Market Drivers May 19, 2015
Euro Loses more that 100 pips as Couere talks about accelerated QR and lower depo rates
UK CPI turns negative
Nikkei 0.68% Europe 2.10%
Europe and Asia:
AUD RBA Minutes
NZD Inflation expectations 1.9% vs. 1.8%
GBP UK CPI -0.1% vs. 0.0%
EUR ZEW 61.2 Vs. 62.4
USD Building Approvals 8:30
A speech by Benoit Coeure, the ECB Board council member tasked with market operations, sent euro reeling in early European dealing today with the single currency dripping more than 150 points from its New York session close.

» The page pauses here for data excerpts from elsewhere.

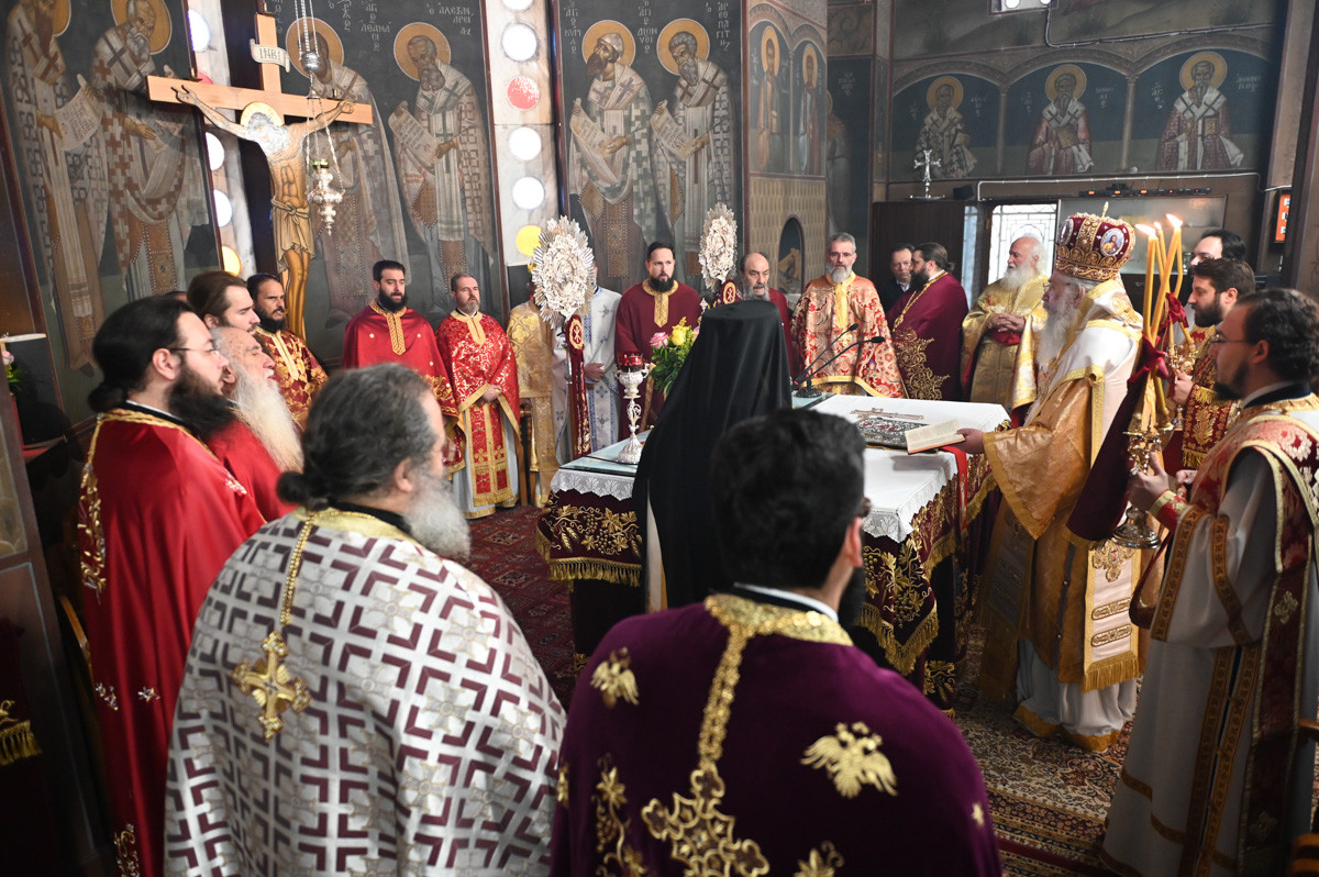 Του Όρθρου και της Δισαρχιερατικής Θείας Λειτουργίας προέστη ο Σεβ. Μητροπολίτης Μαντινείας και Κυνουρίας κ. Επιφάνιος, συλλειτουργούντος του Θεοφιλ. Επισκόπου Τεγέας κ. Θεοκλήτου.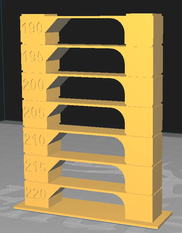 Mô hình Tháp Nhiệt Độ PLA, kiểm tra dải nhiệt độ in từ 220 độ C xuống 190 độ C. Lưu ý: 70 độ C là nhiệt độ không phù hợp để in PLA.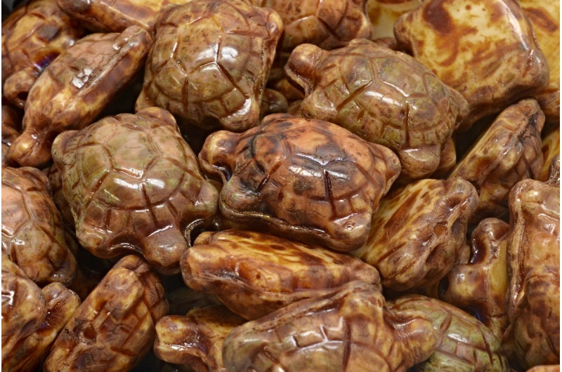 タートルビーズ、R1374 トラバーチン(R1374-86800)、ガラス、チェコ共和国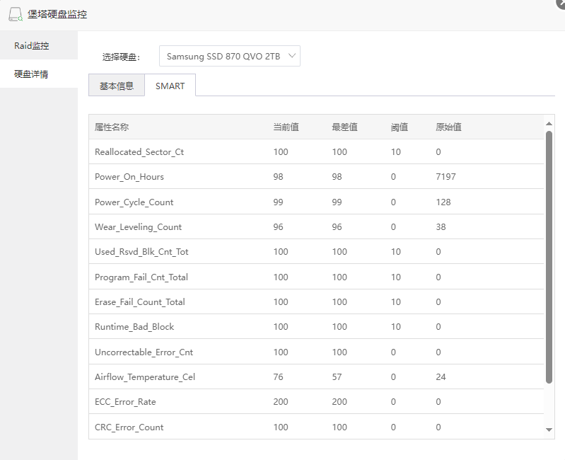 堡塔硬盘监控插件包含RAID阵列识别,它可以检测查看硬盘故障、阵列状态和性能,同时可以用于检测硬盘的健康状态和性能参数。该插件读取和解析 SMART 的数据,它可以提供硬盘的各种指标,如温度、错误率、剩余寿命等,并根据这些指标提供警报和建议,帮助管理员及时发现和解决硬盘问题,以防止数据丢失和系统故障。

In remarks made last night at a college in London, but only released this morning, Mr. Coeure challenged some of the sacrosanct assumptions of monetary policy suggesting that the central bank may go beyond the zero bound level in order to achieve policy goals.
Mr. Coeure noted that amongst other things the deposit rate could in theory become even more negative. He also stated that QE will be front loaded to the start of the summer so as to avoid the summer lull when most of the European markets lose liquidity in August. Mr. Coeure insistence that lower bound is not a hard constant stands at odds with earlier remarks made by Mario Draghi who has always insisted that ECB could not go much beyond the zero interest rate level in stimulating monetary policy. It also suggests that some ECB members may feel that policy must become even more aggressive if the ECB is to achieve its task of stimulating growth in the moribund region.
Mr. Coeure remark’s certainly took the market by surprise and pair quickly tumbled more than 100 points as traders reacted to the news. Perhaps Mr. Coeure’s remarks were simply made for dramatic effect as a form of jawboning the currency lower. The pair has bounced almost 1000 points off its yearly lows much to the dismay of EU policymakers who would like to see it lower in order to stimulate inflation and help export demand grow. In any case Mr. Couere’s remarks continue to show that ECB policy is diametrically opposed to Fed’s goals as Mr. Draghi and company look for ways to further ease credit conditions while Ms, Yellen and the Fed consider tightening options.
Elsewhere, in UK the CPI data came in even lower than expected at -0.1% vs. 0.0% eyed indicating that price pressures are non existent in UK for now further confirming BoE view that rates are likely to remain stationary for the foreseeable future. Tomorrow’s MPC meeting is likely to result in 0-0-9 and could weigh on cable as well pushing the pair below the 1.5500 level.
With no major US data on the docket it will be interesting to see how US traders react to the overnight news. With EUR/USD already down sharply the pair may attract some bargain hunters, but if it does not and makes fresh lows in US session then the price action will suggest that the euro short covering rally may have peaked.